*RECORD EXTRACTS*.
=== Section Start ===

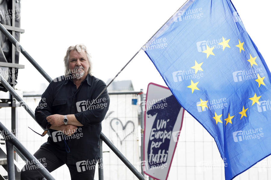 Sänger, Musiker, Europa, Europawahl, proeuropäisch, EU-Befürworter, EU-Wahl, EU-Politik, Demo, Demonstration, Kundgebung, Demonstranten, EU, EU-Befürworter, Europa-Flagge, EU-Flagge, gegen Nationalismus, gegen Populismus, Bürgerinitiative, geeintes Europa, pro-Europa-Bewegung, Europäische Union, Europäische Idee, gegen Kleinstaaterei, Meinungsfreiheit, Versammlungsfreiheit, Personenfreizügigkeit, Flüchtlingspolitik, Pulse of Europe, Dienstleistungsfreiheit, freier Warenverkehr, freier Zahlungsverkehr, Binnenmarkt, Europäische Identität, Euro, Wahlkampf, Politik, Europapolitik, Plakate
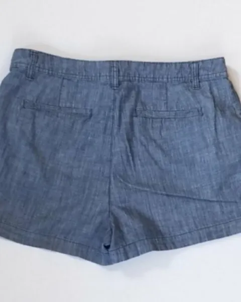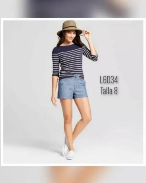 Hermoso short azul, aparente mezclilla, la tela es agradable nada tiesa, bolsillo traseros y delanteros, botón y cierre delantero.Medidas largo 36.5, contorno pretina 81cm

=== Section End ===
=== Section Start ===

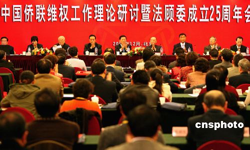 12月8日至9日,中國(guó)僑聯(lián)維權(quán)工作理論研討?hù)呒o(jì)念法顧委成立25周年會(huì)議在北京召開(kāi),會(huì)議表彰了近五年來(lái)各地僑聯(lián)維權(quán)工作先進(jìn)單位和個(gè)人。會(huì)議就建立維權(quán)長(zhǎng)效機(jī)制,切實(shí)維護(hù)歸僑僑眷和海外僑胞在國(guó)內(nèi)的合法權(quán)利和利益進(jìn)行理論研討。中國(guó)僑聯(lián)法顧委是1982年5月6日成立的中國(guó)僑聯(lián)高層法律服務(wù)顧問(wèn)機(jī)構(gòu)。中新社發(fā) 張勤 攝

=== Section End ===

Above are some records. Reproduce the lines from the one with "Politik, Europapolitik, Plakate" down to the one with "Hermoso short azul, aparente", keeping both, and leave every picture out.

*ANSWER BOX*.
 Sänger, Musiker, Europa, Europawahl, proeuropäisch, EU-Befürworter, EU-Wahl, EU-Politik, Demo, Demonstration, Kundgebung, Demonstranten, EU, EU-Befürworter, Europa-Flagge, EU-Flagge, gegen Nationalismus, gegen Populismus, Bürgerinitiative, geeintes Europa, pro-Europa-Bewegung, Europäische Union, Europäische Idee, gegen Kleinstaaterei, Meinungsfreiheit, Versammlungsfreiheit, Personenfreizügigkeit, Flüchtlingspolitik, Pulse of Europe, Dienstleistungsfreiheit, freier Warenverkehr, freier Zahlungsverkehr, Binnenmarkt, Europäische Identität, Euro, Wahlkampf, Politik, Europapolitik, Plakate
 Hermoso short azul, aparente mezclilla, la tela es agradable nada tiesa, bolsillo traseros y delanteros, botón y cierre delantero.Medidas largo 36.5, contorno pretina 81cm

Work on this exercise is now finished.